▸ **Records supplied**
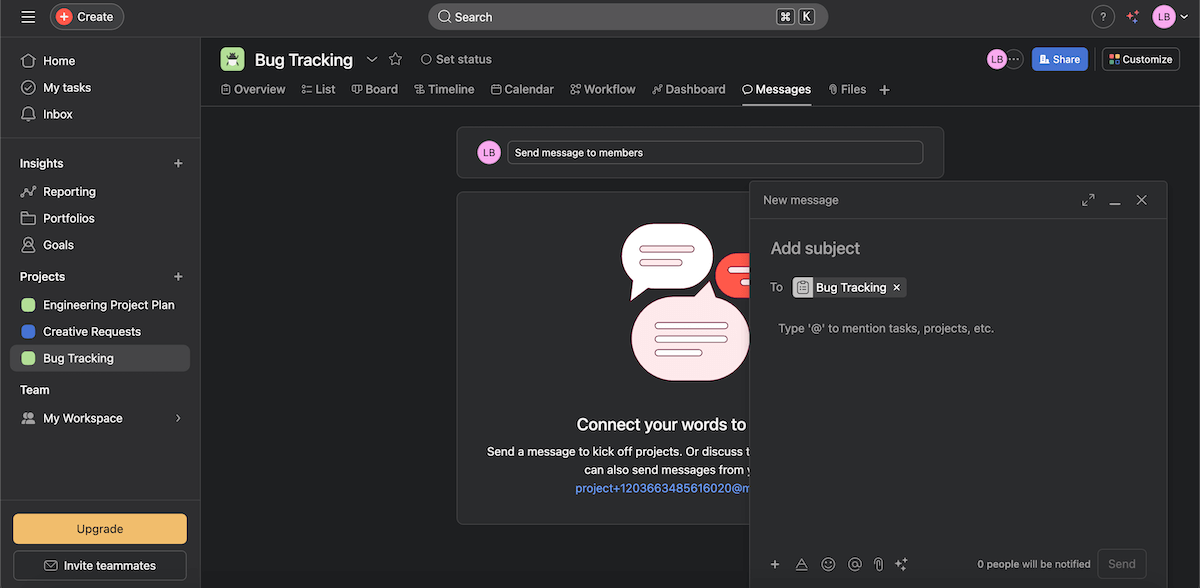 Asana has plenty of spaces for communication, where you can @mention team members, share files, send links, etc. These are:
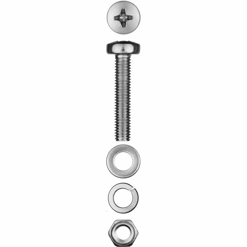 Винты имеют полусферическую головку, что позволяет использовать шайбу для усиления давления на опорную поверхность. Пружинные шайбы предотвращают раскручивание соединения. Плоские шайбы предназначены для увеличения площади соединения и распределения давления на опорную поверхность. Класс прочности 4.8 обеспечивает жесткость конструкции. Цинковое покрытие надежно защищает от коррозии.
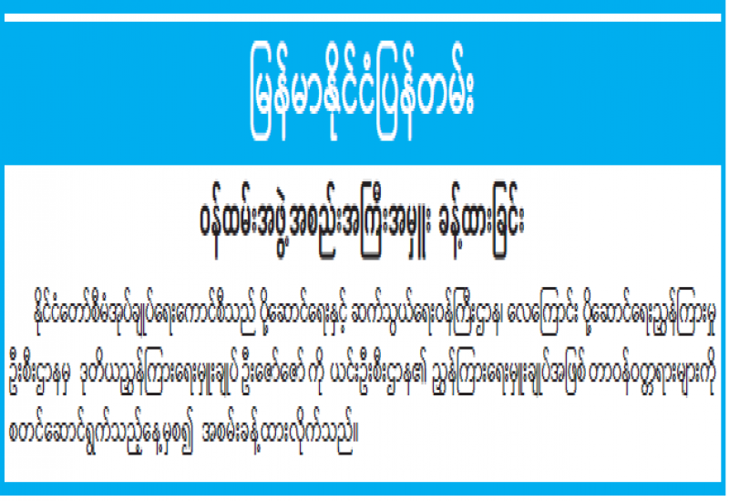 ဝန်ထမ်းအဖွဲ့အစည်းအကြီးအမှူး ခန့်ထားခြင်း
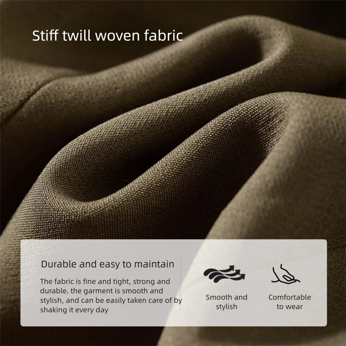 La chaqueta está confeccionada con una mezcla premium de poliéster y spandex. Este material garantiza una sensación suave al contacto con la piel, al tiempo que ofrece una estética sofisticada y durabilidad en el tiempo.
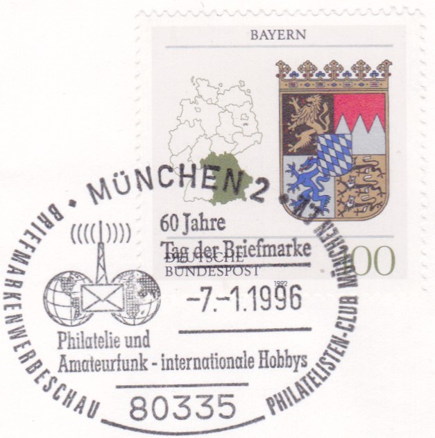 Am 7.1.1996 wurde in München dieser Sonderstempel "60 Jahre Tag der Briefmarke" bei einer Briefmarkenschau eingesetzt.
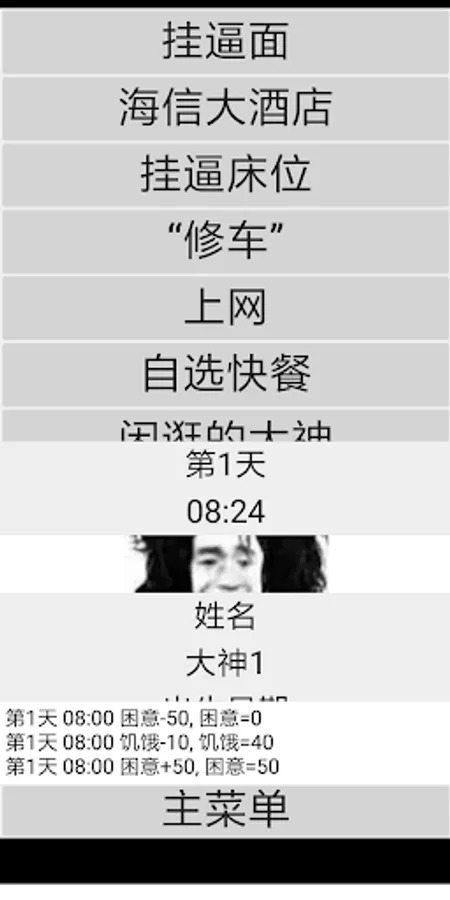 三和大神模拟器,体验三和大神的挂逼生活,日结,上网,黑厂,开宝箱,大水,挂逼烟,挂逼机,瘫痪,海信大酒店,修车。
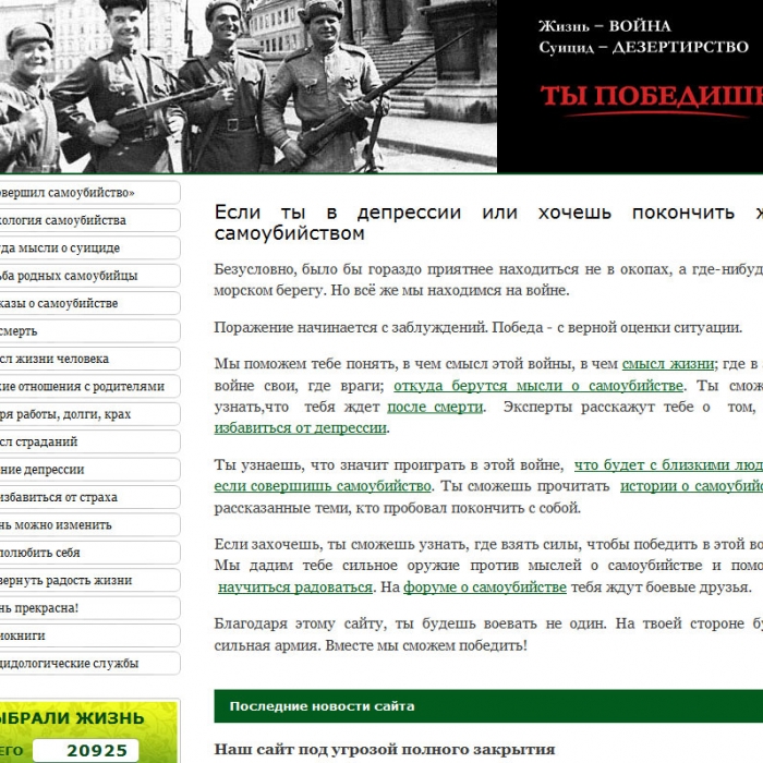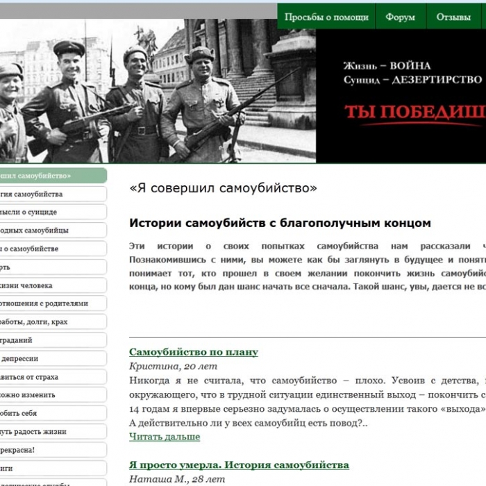 | | 10 СЕНТЯБРЯ 2013 (Вторник) 14:30:03 В России состоится суд над одним из самых посещаемых антисуицидных интернет-ресурсов - сайтом Победишь.ру.
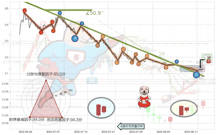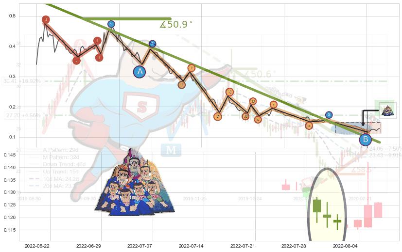 ➣ 2021-10-11-2022-08-11下跌趋势存在反转上涨[机会],其原下跌趋势的阻力位(0.0822727)已被突破[强支撑信号],原下跌趋势角度: 50.9˚

▸ **About this exercise**
From the first line to the last, please copy the data exactly, with the pictures left out.

▸ **Task answer**
 Asana has plenty of spaces for communication, where you can @mention team members, share files, send links, etc. These are:
 Винты имеют полусферическую головку, что позволяет использовать шайбу для усиления давления на опорную поверхность. Пружинные шайбы предотвращают раскручивание соединения. Плоские шайбы предназначены для увеличения площади соединения и распределения давления на опорную поверхность. Класс прочности 4.8 обеспечивает жесткость конструкции. Цинковое покрытие надежно защищает от коррозии.
 ဝန်ထမ်းအဖွဲ့အစည်းအကြီးအမှူး ခန့်ထားခြင်း
 La chaqueta está confeccionada con una mezcla premium de poliéster y spandex. Este material garantiza una sensación suave al contacto con la piel, al tiempo que ofrece una estética sofisticada y durabilidad en el tiempo.
 Am 7.1.1996 wurde in München dieser Sonderstempel "60 Jahre Tag der Briefmarke" bei einer Briefmarkenschau eingesetzt.
 三和大神模拟器,体验三和大神的挂逼生活,日结,上网,黑厂,开宝箱,大水,挂逼烟,挂逼机,瘫痪,海信大酒店,修车。
 | | 10 СЕНТЯБРЯ 2013 (Вторник) 14:30:03 В России состоится суд над одним из самых посещаемых антисуицидных интернет-ресурсов - сайтом Победишь.ру.
 ➣ 2021-10-11-2022-08-11下跌趋势存在反转上涨[机会],其原下跌趋势的阻力位(0.0822727)已被突破[强支撑信号],原下跌趋势角度: 50.9˚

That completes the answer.